More than 1,300 protesters were arrested in 38 towns on Wednesday, and on Saturday evening more than 740 were detained in 30 towns and cities from St Petersburg to Siberia, according to the independent monitoring group OVD-Info.
Images from St Petersburg showed police in helmets and riot gear pinning protesters to the ground and kicking one of them before carrying them into vans.
Earlier, the head of the Kremlin’s Human Rights Council, Valery Fadeyev, announced he had written to defence minister Sergey Shoigu with a request to “urgently resolve” problems.
His Telegram posting criticised the way exemptions were being applied and listed cases of inappropriate enlistment including nurses and midwives with no military experience.
“Some [recruiters] hand over the call-up papers at 2am as if they think we’re all draft dodgers,” he said.
‘Cannon fodder’
On Friday, the defence ministry listed some sectors in which employers could nominate staff for exemptions.
There has been a particular outcry among ethnic minorities in remote, poor areas in Siberia, where Russia’s professional armed forces have long recruited disproportionately.

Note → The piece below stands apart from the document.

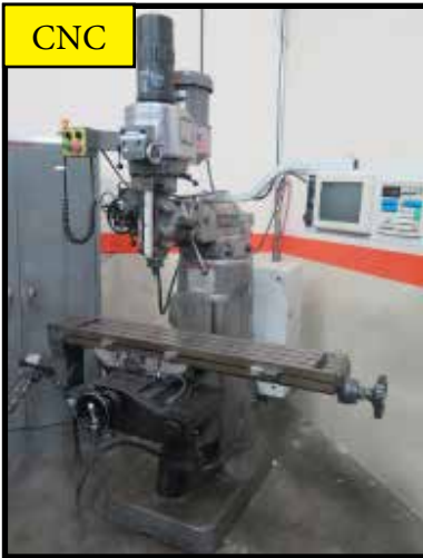
Bridgeport / EZ-Trak 2-Axis CNC Vertical Mill

Since Wednesday, people have queued for hours to cross into Mongolia, Kazakhstan, Finland or Georgia, scared Russia might close its borders, although the Kremlin says reports of an exodus are exaggerated.
Asked by reporters at the United Nations on Saturday why so many Russians were leaving, foreign minister Sergey Lavrov pointed to the right of freedom of movement.
The governor of Buryatia, a region that adjoins Mongolia and is home to an ethnic Mongol minority, acknowledged some had wrongly received papers and said those without military experience or who had medical exemptions would be exempt.
On Saturday, Tsakhia Elbegdorj, president of Mongolia until 2017 and now head of the World Mongol Federation, promised those fleeing the draft, especially three Russian Mongol groups, a warm welcome, and bluntly called on Putin to end the war.
“The Buryat Mongols, Tuva Mongols, and Kalmyk Mongols have … been used as nothing more than cannon fodder,” he said in a video, wearing a ribbon in Ukrainian yellow-and-blue.
“Today you are fleeing brutality, cruelty, and likely death. Tomorrow you will start freeing your country from dictatorship.”
The mobilisation, and the hasty organisation of the votes in occupied territories, came soon after a lightning Ukrainian offensive in the Kharkiv region this month – Moscow’s sharpest reverse of the war.